# [Recorded data]

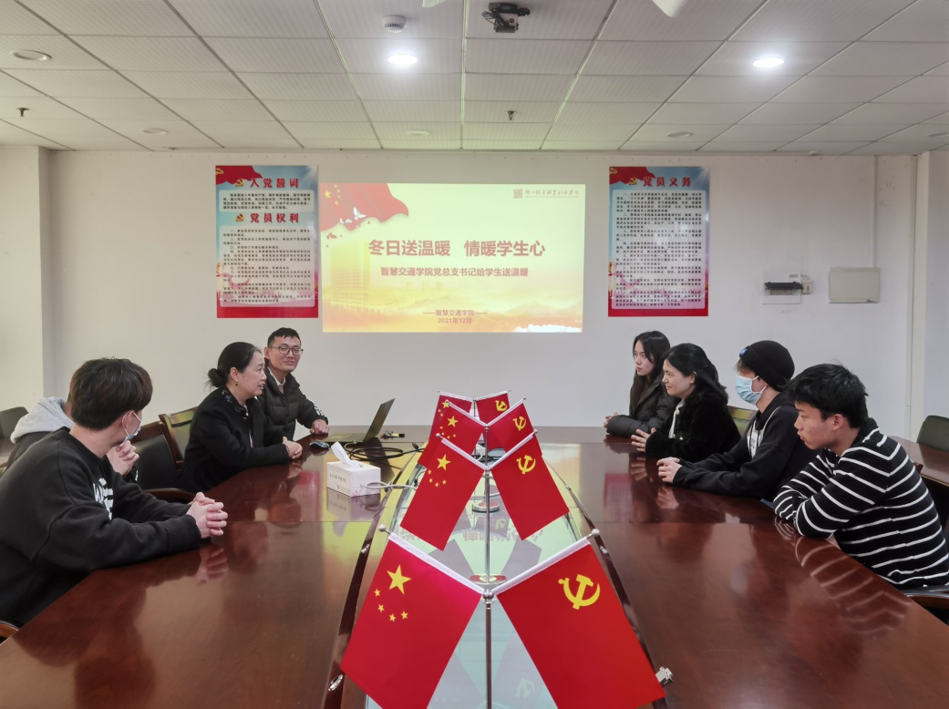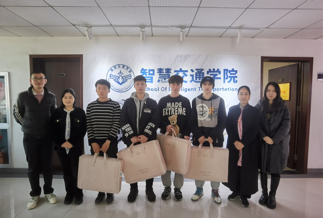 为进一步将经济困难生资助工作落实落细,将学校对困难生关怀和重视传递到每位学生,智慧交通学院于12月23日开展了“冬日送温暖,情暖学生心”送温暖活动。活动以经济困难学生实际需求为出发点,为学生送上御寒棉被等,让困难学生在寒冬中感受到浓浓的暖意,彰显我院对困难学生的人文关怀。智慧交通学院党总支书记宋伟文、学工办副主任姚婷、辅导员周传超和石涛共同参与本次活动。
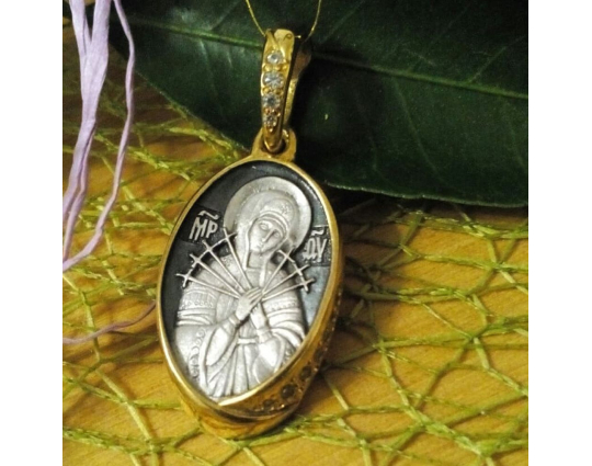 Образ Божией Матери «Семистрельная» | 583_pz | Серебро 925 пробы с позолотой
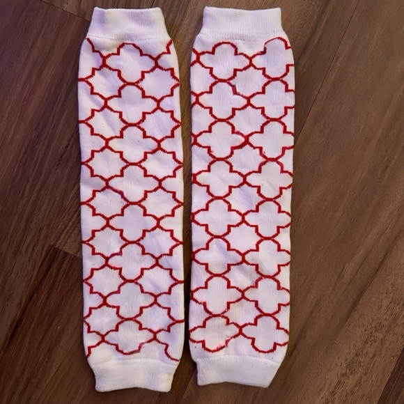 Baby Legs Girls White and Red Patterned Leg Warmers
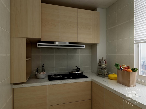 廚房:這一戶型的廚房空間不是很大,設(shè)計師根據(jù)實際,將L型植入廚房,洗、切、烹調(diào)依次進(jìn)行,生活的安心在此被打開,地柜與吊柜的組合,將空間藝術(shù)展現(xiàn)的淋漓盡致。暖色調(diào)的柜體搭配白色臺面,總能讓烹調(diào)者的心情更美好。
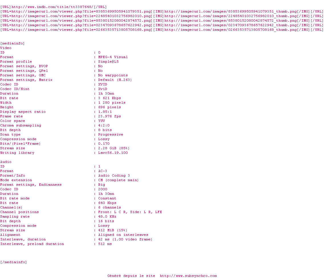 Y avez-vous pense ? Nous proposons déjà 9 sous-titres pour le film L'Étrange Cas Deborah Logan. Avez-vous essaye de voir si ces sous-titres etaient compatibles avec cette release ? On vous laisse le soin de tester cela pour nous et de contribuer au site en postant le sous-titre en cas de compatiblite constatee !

# [Description of the task]
Omit the pictures. Transcribe word for word the lines from the one containing "Образ Божией Матери" through the end of the listing, inclusive.

# [Your solution]
 Образ Божией Матери «Семистрельная» | 583_pz | Серебро 925 пробы с позолотой
 Baby Legs Girls White and Red Patterned Leg Warmers
 廚房:這一戶型的廚房空間不是很大,設(shè)計師根據(jù)實際,將L型植入廚房,洗、切、烹調(diào)依次進(jìn)行,生活的安心在此被打開,地柜與吊柜的組合,將空間藝術(shù)展現(xiàn)的淋漓盡致。暖色調(diào)的柜體搭配白色臺面,總能讓烹調(diào)者的心情更美好。
 Y avez-vous pense ? Nous proposons déjà 9 sous-titres pour le film L'Étrange Cas Deborah Logan. Avez-vous essaye de voir si ces sous-titres etaient compatibles avec cette release ? On vous laisse le soin de tester cela pour nous et de contribuer au site en postant le sous-titre en cas de compatiblite constatee !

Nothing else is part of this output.